**TASK**
The reply should hold only the lines below beginning at the one with "信号增强,为抑制 O2 释放提供化学锚点。" and ending at the one with "ونشر الحساب الرسمي", copied exactly, with every picture left out.

**MATERIAL SHOWN**
_____
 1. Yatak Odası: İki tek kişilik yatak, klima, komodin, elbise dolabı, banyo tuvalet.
_____
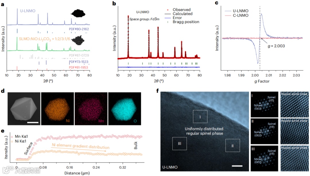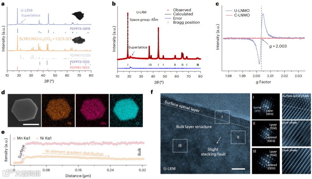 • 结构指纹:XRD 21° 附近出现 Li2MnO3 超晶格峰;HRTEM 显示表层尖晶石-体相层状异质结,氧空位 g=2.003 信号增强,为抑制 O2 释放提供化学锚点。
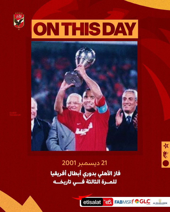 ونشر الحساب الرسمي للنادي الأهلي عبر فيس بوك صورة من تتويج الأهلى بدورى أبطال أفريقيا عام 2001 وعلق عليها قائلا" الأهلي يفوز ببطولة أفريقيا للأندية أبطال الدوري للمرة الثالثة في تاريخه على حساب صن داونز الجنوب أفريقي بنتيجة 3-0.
_____
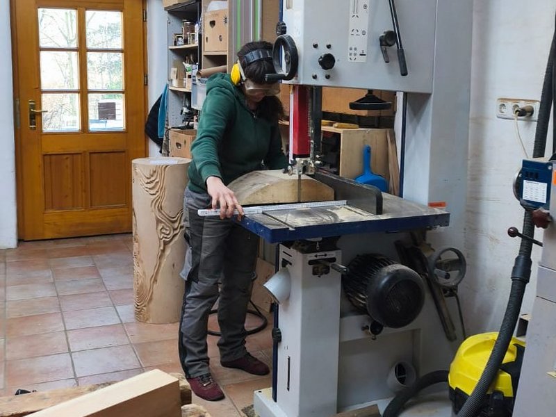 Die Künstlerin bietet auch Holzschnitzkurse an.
_____
**ANSWER BELOW**
 • 结构指纹:XRD 21° 附近出现 Li2MnO3 超晶格峰;HRTEM 显示表层尖晶石-体相层状异质结,氧空位 g=2.003 信号增强,为抑制 O2 释放提供化学锚点。
 ونشر الحساب الرسمي للنادي الأهلي عبر فيس بوك صورة من تتويج الأهلى بدورى أبطال أفريقيا عام 2001 وعلق عليها قائلا" الأهلي يفوز ببطولة أفريقيا للأندية أبطال الدوري للمرة الثالثة في تاريخه على حساب صن داونز الجنوب أفريقي بنتيجة 3-0.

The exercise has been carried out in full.